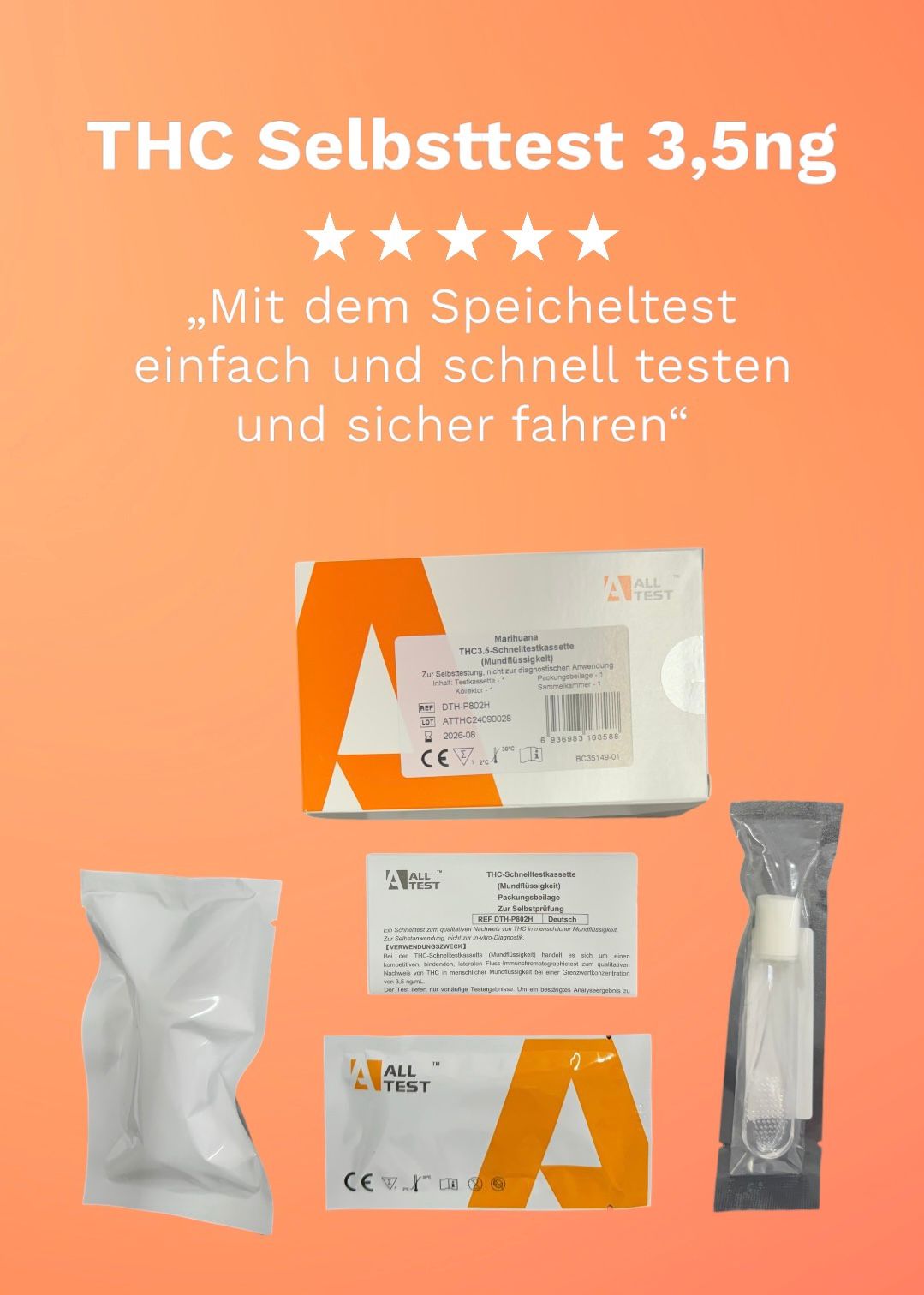 Mit dem Alltest THC-Schnelltest überprüfen Sie sicher und unkompliziert, ob Sie die gesetzlichen THC-Grenzwerte einhalten und somit sicher am Straßenverkehr teilnehmen können. Verlassen Sie sich auf die Genauigkeit und Benutzerfreundlichkeit dieses hochwertigen Produkts von Alltest.
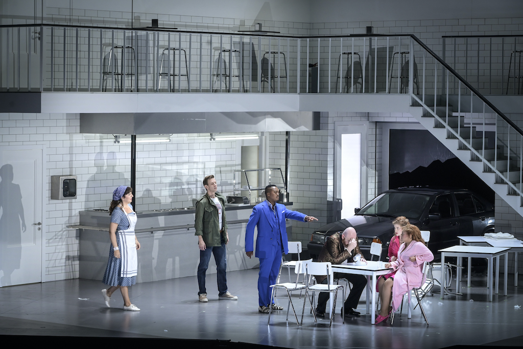 La première image est saisissante, qui dessine en ombre chinoise un personnage la tête coiffée d’un chapeau, se balançant en suspension dans le ciel, hésitant, planant, pour descendre progressivement se lover dans un coin d’une cafétéria au blanc clinique. Le rideau de soie crème se lève, l’homme volant enlève son chapeau et pose sa valise, inspecte le lieu, pour s’effacer ensuite avec la légèreté d’un ange vêtu de blanc, laissant le spectateur face au décor ordinaire d’une cafétéria bon marché. C’est là qu’officie Angelina, femme de ménage au grand cœur, héroïne rossinienne à la voix céleste qui jamais ne se laisse dicter ses actes. Armée de son sceau et de sa serpillière, moquée par ses deux pestes de sœurs qui se piquent d’être des reines de beauté, maltraitée par leur père qui règne en tyran domestique, Angelina chante pour oublier, non sans avoir levé les yeux -doux- vers un homme à la simplicité sympathique, venu boire un verre avec son patron. Ordinaire et féérie, dureté et tendresse, haine et amour naissant, la mise en scène de Damiano Michieletto, que l’on avait salué dans « Le Barbier de Séville » à l’Opéra de Paris, séduit d’emblée par sa finesse et son astucieuse intelligence des situations. C’est l’humanité des personnages, avant tout, qui leur permet d’exister et de rayonner.
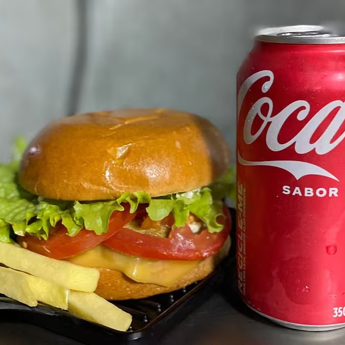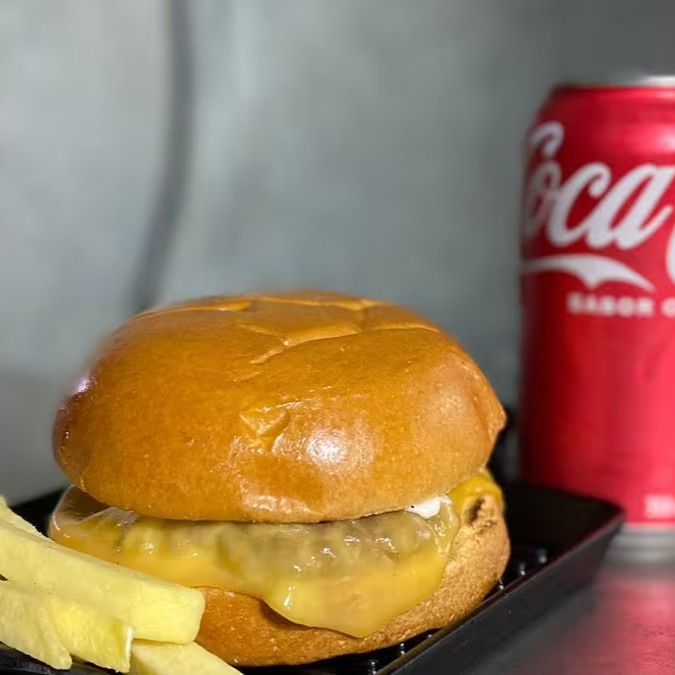 Pão de brioche, queijo prato, blend de hambúrguer smash 100 gramas, e finalizado com uma deliciosa maionese temperada e defumada acompanhado de uma Lata + Batata Pequena.
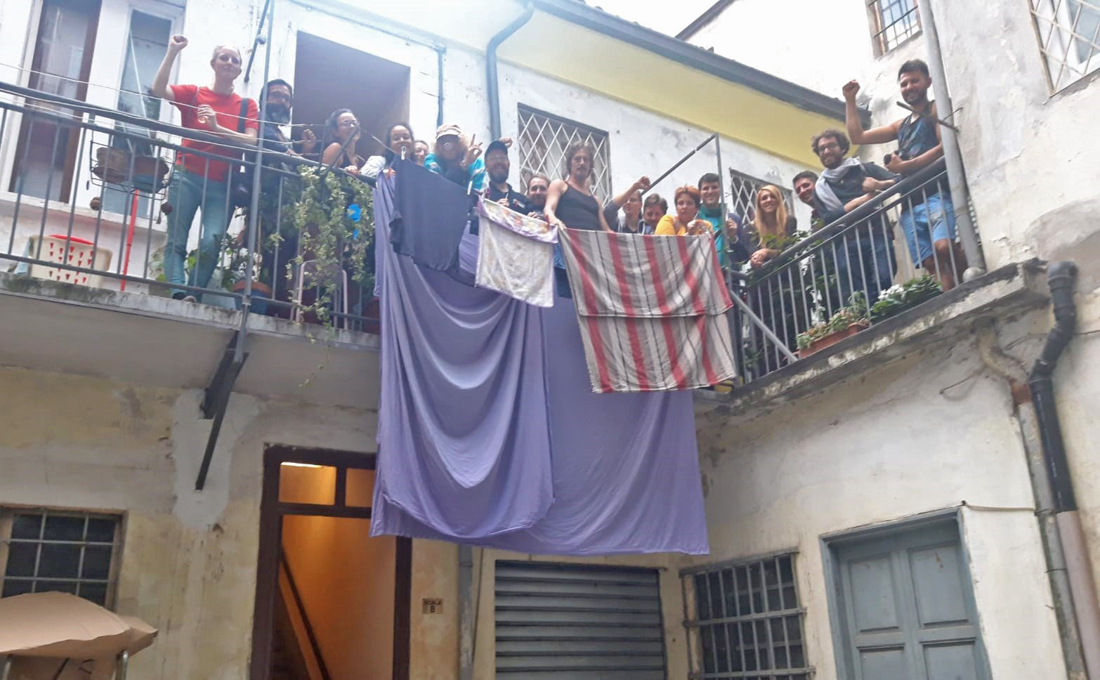 Infine un salto sul balcone più eclettico e folle di Torino, a conoscere Maksim e Daria, meglio noti per la loro iniziativa: “Concertino dal Balconcino”. Davanti a un bicchiere di vino pugliese – che per alcuni dei partecipanti sono diventati due, poi tre – la coppia di artisti e performer ci ha raccontato come un’iniziativa nata un po’ come un gioco, che consiste per l’appunto nell’organizzare concerti ed esibizioni dal vivo sul proprio balcone di casa, si sia trasformata in un evento di culto della scena musicale Torinese, capace di attirare migliaia di persone e in difesa della quale si è scomodato persino il Guardian. Alcune recenti vicissitudini legali hanno infatti rallentato – non di certo fermato! – la “rivoluzione artistica” portata avanti dai due, per via del presunto superamento dei decibel consentiti per legge. “Ma torneremo, meglio di prima, la rivoluzione non si ferma!” ci dice Maksim, prima che Daria ci saluti facendo risuonare l’intero cortile con un acuto cristallino.
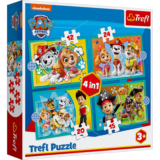 Puzzle s motivem oblíbeného seriálu Tlapková patrola. Čtyři samostatná puzzle s různým počtem dílků - 12, 15, 20 a 24 - postupně vedou ke zdokonalování dítěte při skládání a zvyšování obtížnosti. Rozměry balení 28 x 28 x 6 cm. Vhodné pro děti od 3 let.
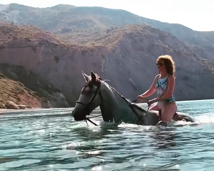 Nem tudni, miért, de ezt a fürdőruhás, lovaglós videót osztotta meg magáról, amint a tengerből jön ki négylábú barátjával.
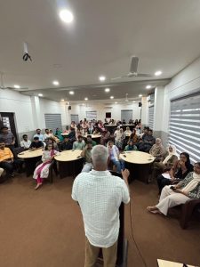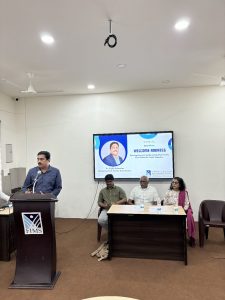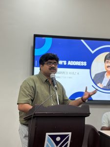 The keynote speaker for the event was Mr. AV Bhanuprakash, a renowned Creative Advisor to Brands, who brought with him decades of experience in the advertising and branding industry. Through a compelling blend of personal anecdotes, brand storytelling techniques, and real-world case studies, Mr. Bhanuprakash captivated the audience and emphasized the importance of originality, emotional connection, and clarity in brand communication. His talk encouraged students to look beyond traditional marketing and explore the power of creativity in shaping brand identity and loyalty.
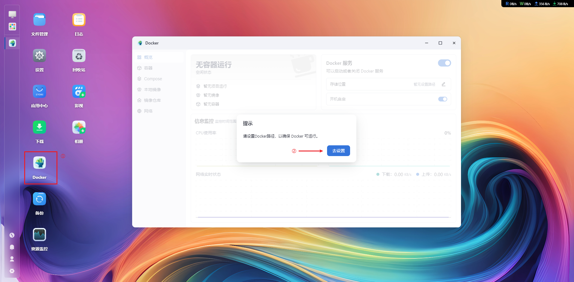 建议尽快创建存储空间以便上传文件和安装应用。如果硬盘还没有准备好,也可以点击 稍后 跳过,后续可从 设置 > 存储空间管理 中创建。

* * *

*TASK STATEMENT*:
Please output the lines above beginning at the line with "Infine un salto" and ending after the line with "Nem tudni, miért, de", precisely as written and with no pictures.

*RESPONSE TO THE TASK*:
 Infine un salto sul balcone più eclettico e folle di Torino, a conoscere Maksim e Daria, meglio noti per la loro iniziativa: “Concertino dal Balconcino”. Davanti a un bicchiere di vino pugliese – che per alcuni dei partecipanti sono diventati due, poi tre – la coppia di artisti e performer ci ha raccontato come un’iniziativa nata un po’ come un gioco, che consiste per l’appunto nell’organizzare concerti ed esibizioni dal vivo sul proprio balcone di casa, si sia trasformata in un evento di culto della scena musicale Torinese, capace di attirare migliaia di persone e in difesa della quale si è scomodato persino il Guardian. Alcune recenti vicissitudini legali hanno infatti rallentato – non di certo fermato! – la “rivoluzione artistica” portata avanti dai due, per via del presunto superamento dei decibel consentiti per legge. “Ma torneremo, meglio di prima, la rivoluzione non si ferma!” ci dice Maksim, prima che Daria ci saluti facendo risuonare l’intero cortile con un acuto cristallino.
 Puzzle s motivem oblíbeného seriálu Tlapková patrola. Čtyři samostatná puzzle s různým počtem dílků - 12, 15, 20 a 24 - postupně vedou ke zdokonalování dítěte při skládání a zvyšování obtížnosti. Rozměry balení 28 x 28 x 6 cm. Vhodné pro děti od 3 let.
 Nem tudni, miért, de ezt a fürdőruhás, lovaglós videót osztotta meg magáról, amint a tengerből jön ki négylábú barátjával.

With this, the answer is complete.